Tenant Modes
The Reference Implementation operates in one of two tenant modes — open or closed — which determines how tenants are created and how identities are associated with them. The mode is set at the instance level.
Both modes support two types of identity:
- Users — people who interact with the Reference Implementation through a browser, authenticating via the IDP's sign-in flow.
- Service accounts — systems that consume the REST API programmatically, authenticating via Bearer tokens obtained from the IDP using the OAuth2 client credentials flow.
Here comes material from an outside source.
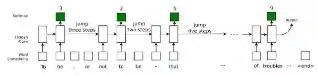具体说来,文章是希望在LSTM的基础上加入“跳转”功能,从而使得这个时序模型能够有能力判读是否要略过一部分文字信息。简单说来,作者们是这么对LSTM进行改进的。首先,有一个参数R来确定要读多少文字。然后模型从一个0到K的基于Multinomial分布的这一个跳转机制中决定当前需要往后跳多少文字(可以是0,也就是说不跳转)。这个是否跳转的这一个步骤所需要的Multinomial分布,则也要基于当期LSTM的隐参数信息(Hidden State)。跳转决定以后,根据这个跳转信息,模型会看一下是否已经达到最大的跳转限制N。如果没有则往后跳转。当所有的这些步骤都走完,达到一个序列(往往是一个句子)结尾的时候,最后的隐参数信息会用来对最终需要的目标(比如分类标签)进行预测。

How each identity type is mapped to a tenant depends on the mode.
Open Mode
Open mode is designed for self-service environments where the tenant creation process is fully automatic. This is the default mode. Identities do not need access to the IDP to create their own tenant, and instance administrators do not need to manually provision tenants — the process is automatic and self-contained within the Reference Implementation.
When to use open mode:
- Demo instances where users self-register to explore UNTP capabilities
- Development and testing environments
Users
When a user signs in for the first time, the Reference Implementation automatically creates a new tenant for them. The tenant is named after the user and the user is linked to that tenant. All subsequent requests from that user are scoped to their tenant. There is no manual provisioning step — the user registers with the IDP, logs into the Reference Implementation, and a tenant is created on first access.
Service Accounts
Each service account gets its own tenant, derived from its sub claim — the same as a regular user.
How tenant identity is resolved
- The Reference Implementation reads the
sub(subject) claim from the IDP token to identify the user or service account - On first access, a new tenant is created and the identity is linked to it
- On subsequent access, the existing tenant is retrieved
Team management — the ability for a tenant owner to invite other users into their tenant so they can collaborate — is planned but not yet implemented. When available, this will allow multiple users to work within a single tenant in open mode, with the invitation process managed entirely within the Reference Implementation (not the IDP).
Closed Mode
Closed mode disables self-service tenant creation, giving the instance operator full control over who has access to their instance of the Reference Implementation. Identities are managed at the IDP level — an administrator or system integration adds users and service accounts to the IDP and associates each with a group. That group identifier is what maps the identity to a tenant within the Reference Implementation.
When to use closed mode:
- Pilot programmes where a facilitator manages participants through the IDP
- Managed deployments where tenant membership is controlled centrally
- Any scenario where the IDP is the source of truth for which tenant an identity belongs to
Users
When a user signs in, the Reference Implementation extracts a group claim from the IDP token and uses it to resolve the tenant. If the tenant does not yet exist, it is created automatically from the group claim. The user is then linked to that tenant.
Service Accounts
Service accounts are also resolved via the group claim. This gives integrators flexibility — a service account can have its own dedicated tenant (with its own group ID), or it can act on behalf of an existing tenant by including that tenant's group ID in the service account token.
How tenant identity is resolved
- The Reference Implementation extracts a group claim from the IDP token (the claim name is configurable)
- The group value is used to look up or create the corresponding tenant
- The identity is linked to that tenant
Single group constraint: An identity can only belong to one tenant at a time. If the IDP token contains multiple groups, the Reference Implementation uses the first group and logs a warning. If an identity's group changes in the IDP, the Reference Implementation re-links them to the new tenant on their next authentication.
Configuration
Tenant mode is configured via environment variables on the Reference Implementation:
| Variable | Description | Default |
|---|---|---|
TENANT_MODE | open or closed | open |
TENANT_CLAIM_NAME | The IDP token claim containing the group identifier (closed mode only) | groups |
TENANT_CLAIM_FORMAT | How to extract the group value: array_first or string (closed mode only) | array_first |
The array_first format is for IDPs that deliver groups as a JSON array (e.g., ["/my-org"]), taking the first element. The string format is for IDPs that deliver the group as a plain string value.
See IDP Requirements for the specific token claims and IDP configuration required for each mode.